More fortunate than many other Alsatian communities, Colmar escaped the persecutions of the hordes of Armleder, who, on hearing of the approach of the army of Louis of Bavaria, raised the siege. But this relief was dearly paid for. Louis of Bavaria handed over the Jews of Colmar, with their possessions, to the city for the sum of 200 marks. The year 1348 was fatal to the community of Colmar, as to all Alsatian communities. The accusation of having caused the Black Death found credence with the anti-Jewish council of Colmar. In fact, on Dec. 29, 1348, the city council announced to their fellows of Strasburg that one Hegman had, under torture, accused Jacob, the cantor of the synagogue of Strasburg, of having sent him the poison which he had put into the wells of Colmar. Thereupon the Jews, without being permitted a hearing, were burned outside the gates of the city. The place where the auto da fé occurred is still known as the "Judenloch" (Hole of the Jews). In the following year, Charles IV. of Germany absolved the inhabitants of Colmar from all responsibility for the burning of his "servi cameræ."

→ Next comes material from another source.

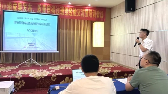 武漢市政院“拾光隧道QC小組”組員龍凡對“地鐵隧道穿越極硬巖的新方案研究”課題進行了成果發(fā)布。“拾光隧道QC小組”為解決地鐵隧道穿越極硬巖傳統(tǒng)方法安全難以保證、工作效率較低等痛點問題,研發(fā)了一種地鐵隧道穿越極硬巖的全新技術(shù)方案,攻克了復(fù)雜地質(zhì)和敏感環(huán)境兩大難題。該研究成果在“武漢地鐵12號線港口村站~丁家咀站區(qū)間隧道工程”中,實現(xiàn)盾構(gòu)穿越極硬巖深孔爆破預(yù)處理在武漢軌道交通地下區(qū)間的首次應(yīng)用。“拾光隧道QC小組”對該創(chuàng)新成果進行了標準化建設(shè),形成了通用設(shè)計圖和成套技術(shù)方案,現(xiàn)已在全公司推廣應(yīng)用。
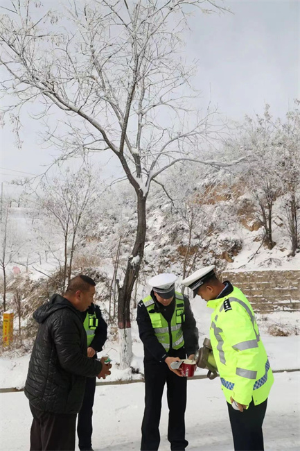 在巡邏途中,民輔警發(fā)現(xiàn)部分車輛滯留在路上。他們?yōu)闇赳{乘人員送上泡面等物資,讓各位駕乘人員感受到了延長公安交警的濃濃暖意,舒緩駕乘人員旅途滯留的焦慮情緒。同時(shí),民警提醒駕駛?cè)思皶r(shí)關(guān)注天氣情況和路況信息,確保行車安全。

Jews were again admitted to Colmar, at the request of King Wenceslaus, about 1375. Nevertheless, when the latter took the part of the nobles in their quarrels with the Alsatian towns, the Jews of Colmar helped to defend the city, and refused to pay taxes for three years (1385-88). They were, therefore, together with their Christian fellow citizens, put under the ban of the empire. Later an arrangement was made between the city and the emperor, relinquishing to the former the Jewish taxes for a period of ten years; whereupon the ban was removed. Wenceslaus, however, did not forget their recalcitrance, and in 1392 annulled all the claims of the Jews against their Christian debtors.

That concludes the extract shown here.